There are two types of LI's which can have different labels from Eta Model forecasts, the "best (4 layer) LI" and the "surface LI". Each of these should have a different name/label in PCGRIDDS, GEMPAK, and when it is originally packed into GRIB. I am guessing that the confusion is in the "surface LI" of which there can be two different ways of coming up with a "surface" parcel to lift to 500mb. One way is to use the actual lowest model layer variables, and this is packed as the "1000-500mb LI" where the layer label is given as 1000:500 in GEMPAK, and probably 750 in PCGRIDDS (average of 1000 and 500). The other way is to use the lowest "eta boundary layer" which Russ discussed above. This is a mass-weighted mean of the model variables in the lowest 30mb above the ground, which is then lifted. The layer label on this version is a "pressure depth" layer from 30 to 0, or probably b015 in PCGRIDDS. The "best LI" is computed by taking the each of 6 "eta boundary layers", finding the LI, and taking the lowest of the 6. So it represents the lowest LI in the lowest 180 mb above the ground, while each parcel is a 30mb average of the actual model variables. (it's layer label is a PD layer from 180 to 0, or b090 in PCGRIDDS?)

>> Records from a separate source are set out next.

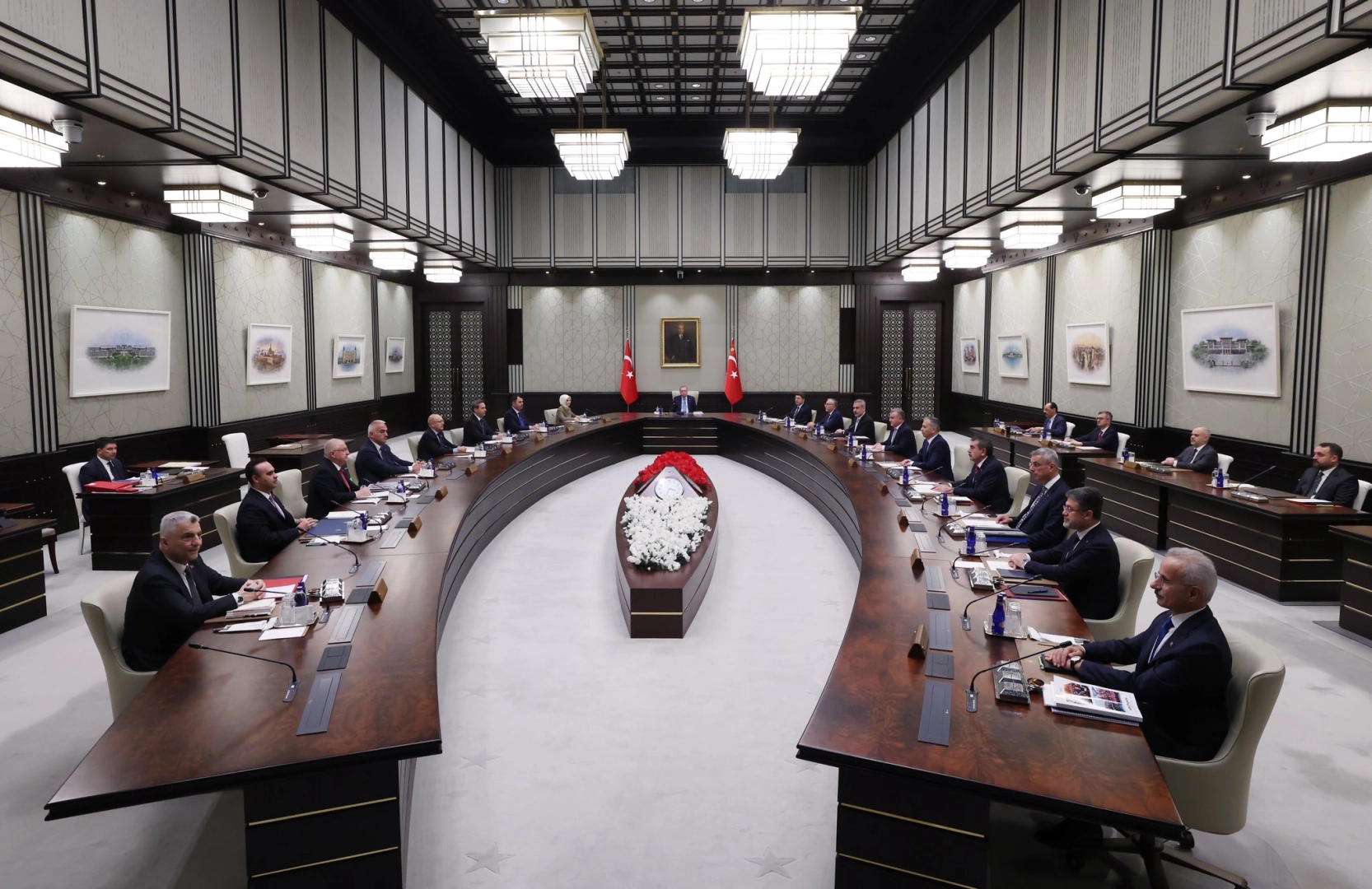Cumhurbaşkanlığı Külliyesi'nde gerçekleştirilen Kabine Toplantısı, saat 15.35'te başladı. Cumhurbaşkanı Erdoğan başkanlığındaki toplantıda, başta 'Terörsüz Türkiye' sürecinde kaydedilen aşama ile Suriye'nin bazı bölgelerinde faaliyetini sürdüren SDG meselesi, TBMM komisyonunda devam eden 2026 bütçe görüşmeleri, Rusya ile Ukrayna arasındaki ateşkes çabaları ve Gazze'deki son durum ile dış politikadaki gelişmelerin ele alınacağı belirtildi. Toplantının ardından Cumhurbaşkanı Erdoğan'ın açıklama yapması bekleniyor. (DHA)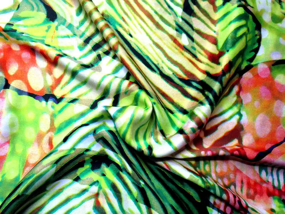 Satén Silky pomarančovo-zelený "vzorovaný"Skladom8,20 EUR/ m6,67 EUR bez DPH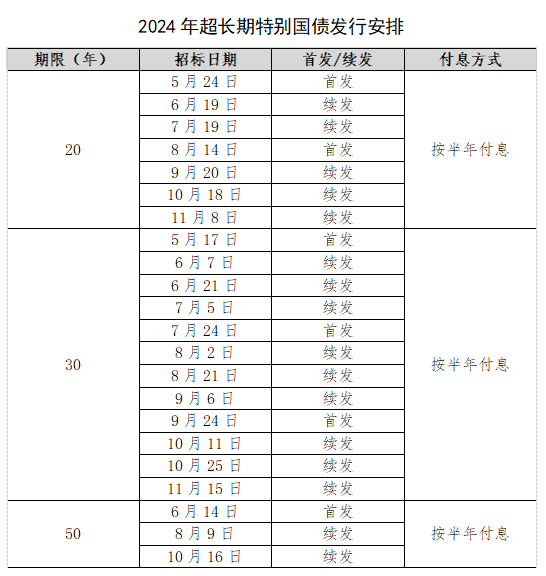 财政部发布2024年一般国债、超长期特别国债发行有关安排 更新时间:2024-05-13 12:59:08 •阅读 0 财政部公布2024年一般国债、超长期特别国债发行有关安排的通知,其中超长期特别国债涉及期限为20年、30年、50年。 校对:祝甜婷

There has been some recent confusion concerning the lifted index products available on AFOS graphics. The LI fields available for the NGM and Eta models are calculated differently and should, therefore, be compared with the difference in mind.
The LI for the NGM model on AFOS graphics is a "best" lifted index. The least stable of the lowest 4 model sigma layers is lifted to produce the value. This type of calculation is useful in cases in which elevated layers above the surface are less stable than the surface.
The AFOS graphics LI for the Eta model, on the other hand, is a calculation based on the lowest Eta layer, a carry-over from the LFM which gave a surface-based LI. This field, therefore, will not reflect elevated instability. Cases in which a layer just above the surface is very unstable while the surface air remains stable will show a stable LI.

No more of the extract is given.